**SOURCE MATERIAL**
··········
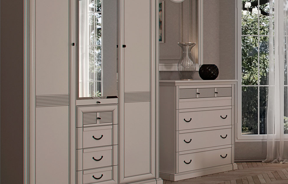 Трехстворчатый шкаф укомплектован зеркалом. Благодаря этому вы можете увидеть свой образ сразу после переодевания, не выходя в ванную или коридор.
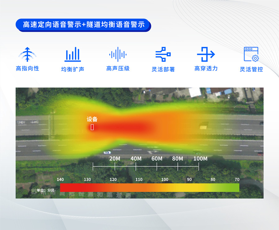 基于清聽聲學戶外定向聲算法升級,實現警示語音在復雜多變的戶外交通環境中沿指定方向、指定區域清晰傳播,不對反方向車道造成噪音污染,高聲壓級可穿透車玻璃,使司機提高警惕,防止司機因發呆、犯困、精神不集中而引發事故;實時播報資訊和現場調度信息,及時提醒司機,輔助司機提前做好應變準備,及時規劃行車路線,有效降低道路擁堵、事故及死亡發生幾率。
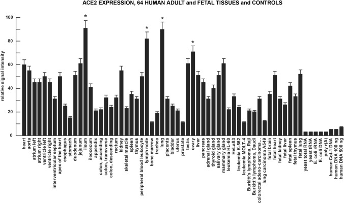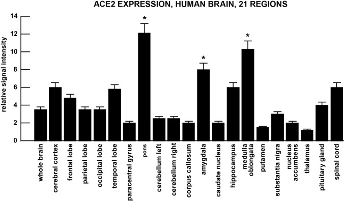 The gateway for invasion by the novel severe acute respiratory syndrome coronavirus 2 (SARS-CoV-2) into human host cells is via the angiotensin-converting enzyme 2 (ACE2) transmembrane receptor expressed in multiple immune and nonimmune cell types. SARS-CoV-2, that causes coronavirus disease 2019 (COVID-19; CoV-19) has the unusual capacity to attack many different types of human host cells simultaneously via novel clathrin- and caveolae-independent endocytic pathways, becoming injurious to diverse cells, tissues and organ systems and exploiting any immune weakness in the host. The elicitation of this multipronged attack explains in part the severity and extensive variety of signs and symptoms observed in CoV-19 patients. To further our understanding of the mechanism and pathways of SARS-CoV-2 infection and susceptibility of specific cell- and tissue-types and organ systems to SARS-CoV-2 attack in this communication we analyzed ACE2 expression in 85 human tissues including 21 different brain regions, 7 fetal tissues and 8 controls. Besides strong ACE2 expression in respiratory, digestive, renal-excretory and reproductive cells, high ACE2 expression was also found in the amygdala, cerebral cortex and brainstem. The highest ACE2 expression level was found in the pons and medulla oblongata in the human brainstem, containing the medullary respiratory centers of the brain, and may in part explain the susceptibility of many CoV-19 patients to severe respiratory distress.
··········
**EXERCISE REQUIREMENTS**
Reproduce exactly, and only, the lines from the opening line of the listing above through the line holding "基于清聽聲學戶外定向聲算法升", minus the pictures.

**ANSWER BOX**
 Трехстворчатый шкаф укомплектован зеркалом. Благодаря этому вы можете увидеть свой образ сразу после переодевания, не выходя в ванную или коридор.
 基于清聽聲學戶外定向聲算法升級,實現警示語音在復雜多變的戶外交通環境中沿指定方向、指定區域清晰傳播,不對反方向車道造成噪音污染,高聲壓級可穿透車玻璃,使司機提高警惕,防止司機因發呆、犯困、精神不集中而引發事故;實時播報資訊和現場調度信息,及時提醒司機,輔助司機提前做好應變準備,及時規劃行車路線,有效降低道路擁堵、事故及死亡發生幾率。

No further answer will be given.